I currently have the iPad Air and iPhone 5c. They both popped up yesterday with messages about an update available and ready to download. Do I really want to do this? They both operate just fine now. Frankly, I'm scared to upgrade with the complaints about the iPhone 6.:facepalm:


----------



## arabian knight (Dec 19, 2005)

chickenmommy said:


> I currently have the iPad Air and iPhone 5c. They both popped up yesterday with messages about an update available and ready to download. Do I really want to do this? They both operate just fine now. Frankly, I'm scared to upgrade with the complaints about the iPhone 6.:facepalm:


 Yes you do want to update.
I have already done this update on my iPad Air

Now this is why you should and what the update does.

iOS 8.0.2
This release contains improvements and bug fixes, including:

Fixes an issue in iOS 8.0.1 that impacted cellular network connectivity and Touch ID on iPhone 6 and iPhone 6 Plus
Fixes a bug so HealthKit apps can now be made available on the App Store
Addresses an issue where 3rd party keyboards could become deselected when a user enters their passcode
Fixes an issue that prevented some apps from accessing photos from the Photo Library
Improves the reliability of the Reachability feature on iPhone 6 and iPhone 6 Plus
Fixes an issue that could cause unexpected cellular data usage when receiving SMS/MMS messages
Better support of Ask To Buy for Family Sharing for In-App Purchases
Fixes an issue where ringtones were sometimes not restored from iCloud backups
Fixes a bug that prevented uploading photos and videos from Safari


----------



## Kung (Jan 19, 2004)

IF you're on 8.0.1, yes.

If you're on 7.x.x, it's up to you.


----------



## chickenmommy (Aug 24, 2004)

I updated and am thrilled with the changes so far!

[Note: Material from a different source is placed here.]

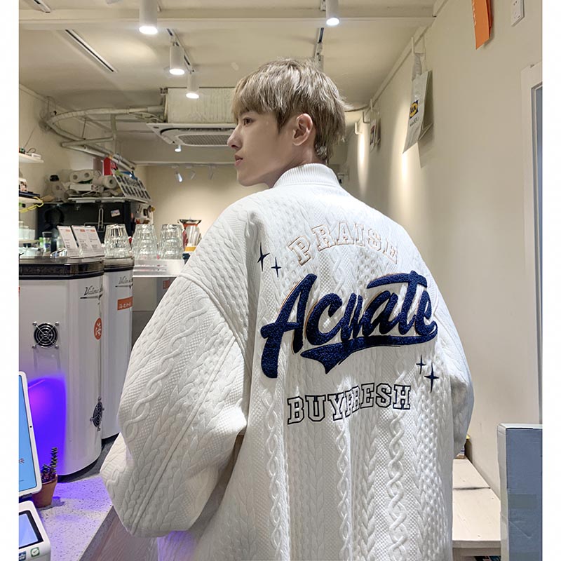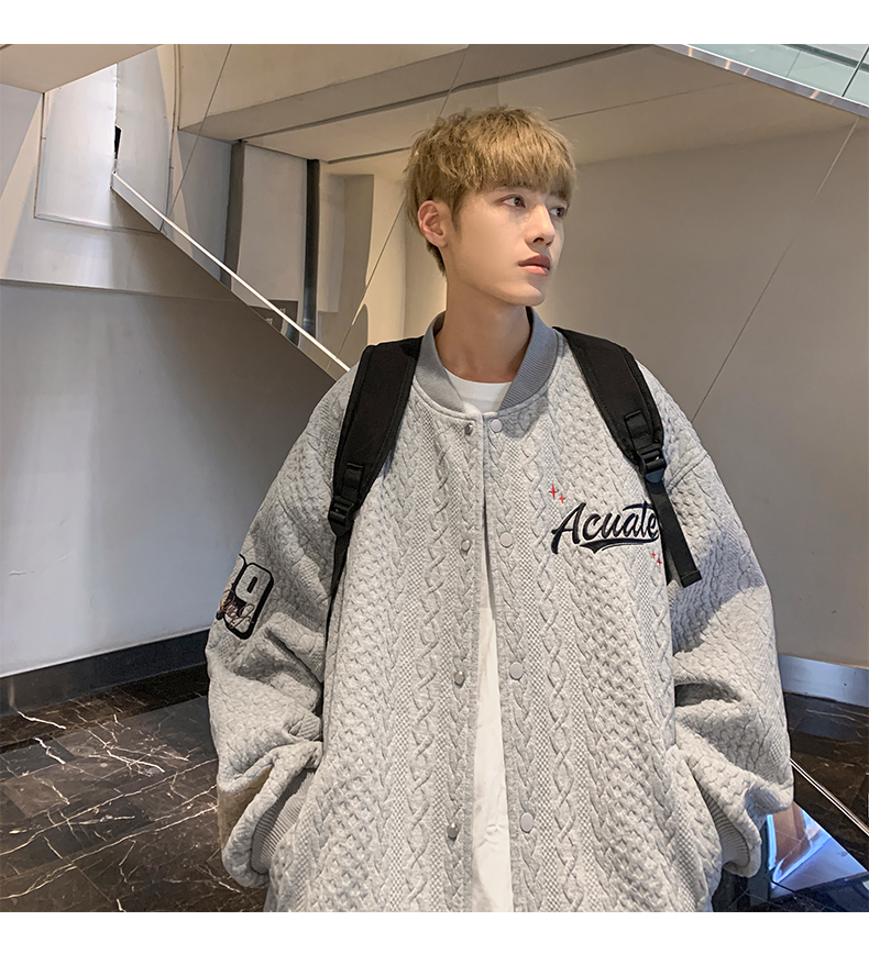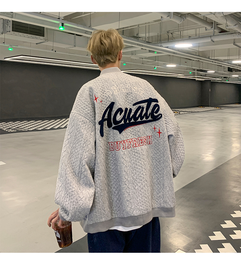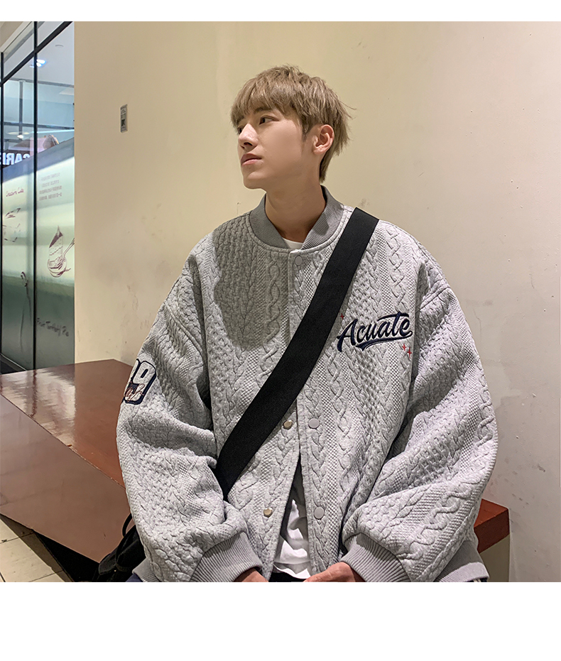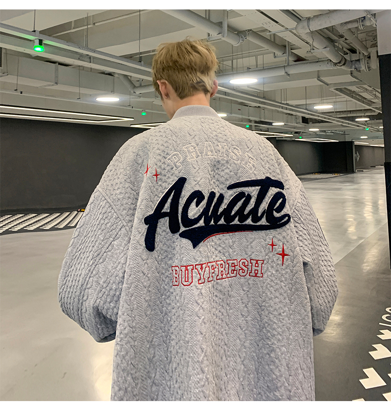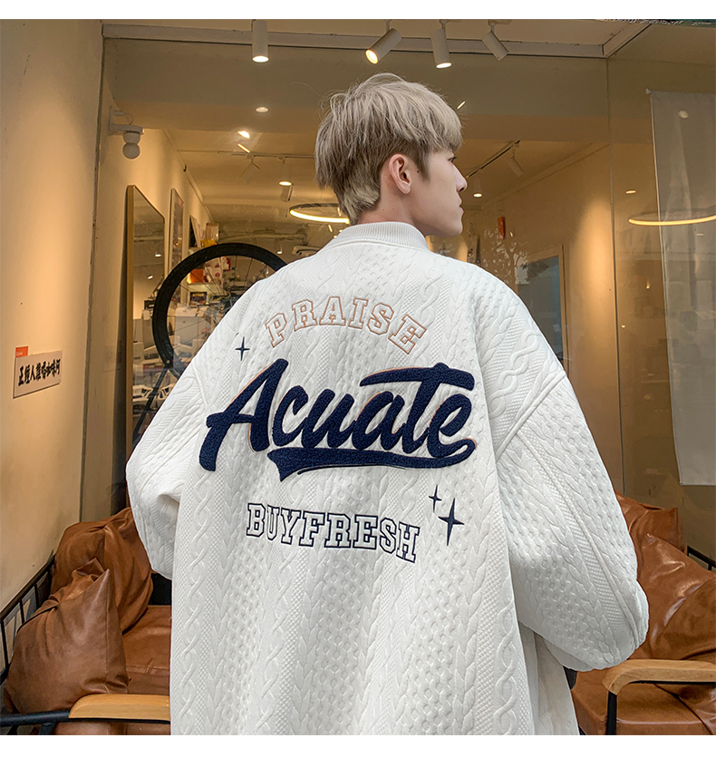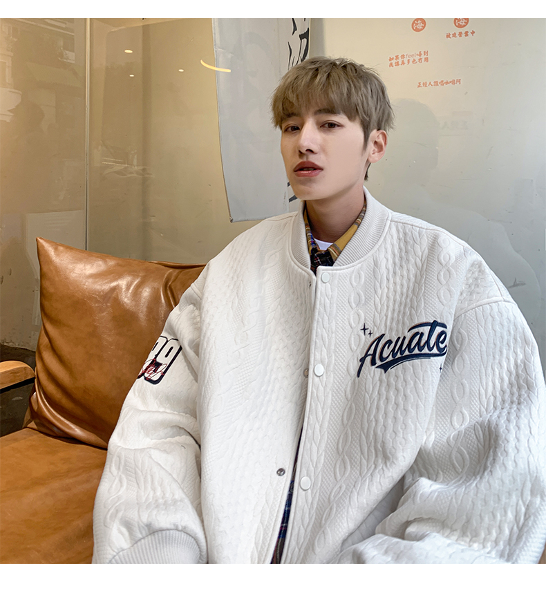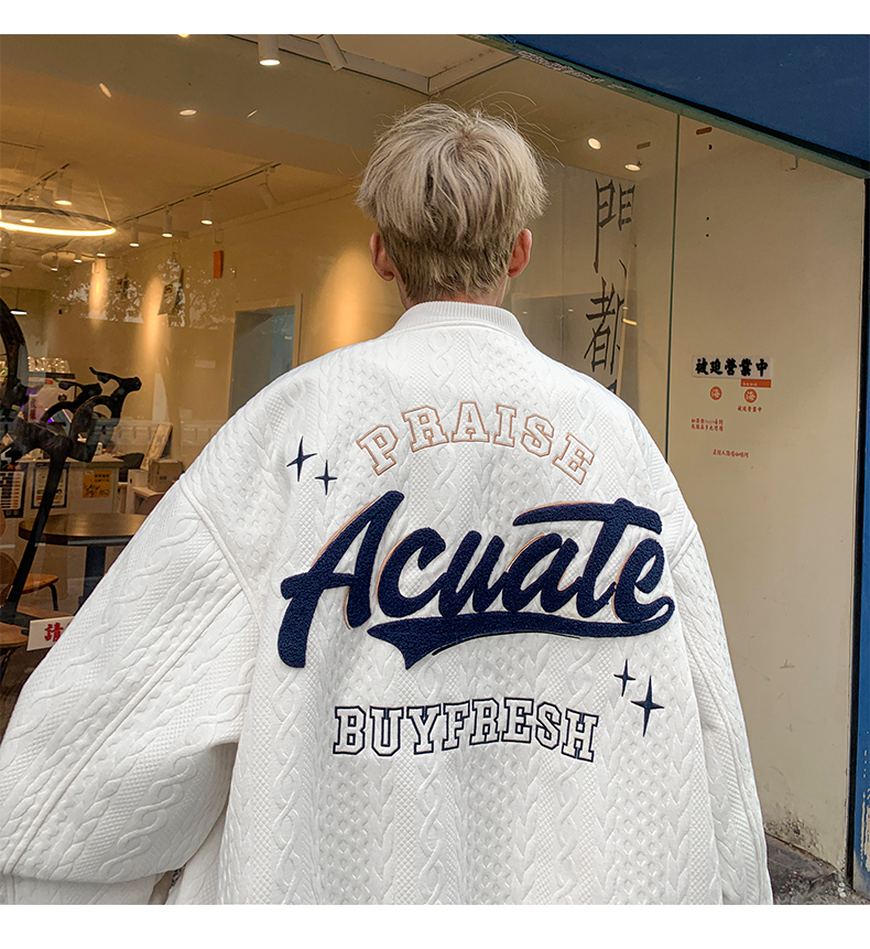 高級感炸街外套vintage棒球服麻花紋刺繡夾克男歐美風高級感穿搭
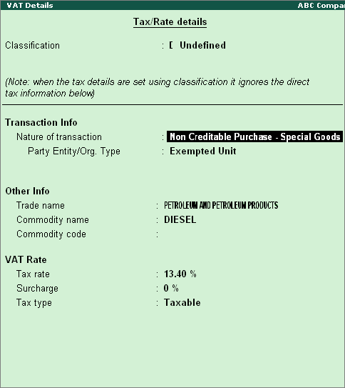 Select Non Creditable Purchase - Special Goods as the Nature of Transaction in the VAT Details screen of purchase ledger grouped under Purchase Accounts .

Love the fact that I can answer the phone on my iPad if necessary. Also like the new keyboard.


----------



## littlebitfarm (Mar 21, 2005)

I just did the update on my iPad. Now I can't open homesteadingtoday in tapatalk. When I search for it, it comes back with no results. Anyone else have this issue?


----------



## AngieM2 (May 10, 2002)

There is a dedicated app in the iPad. Sometime ago the Tapatslk. was let go and is not working. I am surprised you had one that was working.


----------



## Guest (Oct 19, 2014)

My TapATalk works fine. 
I have HT and another half dozen forums in it. (Although I recently found the HT App and it seems to work a bit better in the eMail notification. It works 1/4 of the time, where TapATalk's eMail notify worked 0%...)
I am a SysOp and my TapATalk for that forum works flawlessly.


----------



## littlebitfarm (Mar 21, 2005)

Tapatalk came back with homesteadingtoday in 1 ipad but not other. Weird!


----------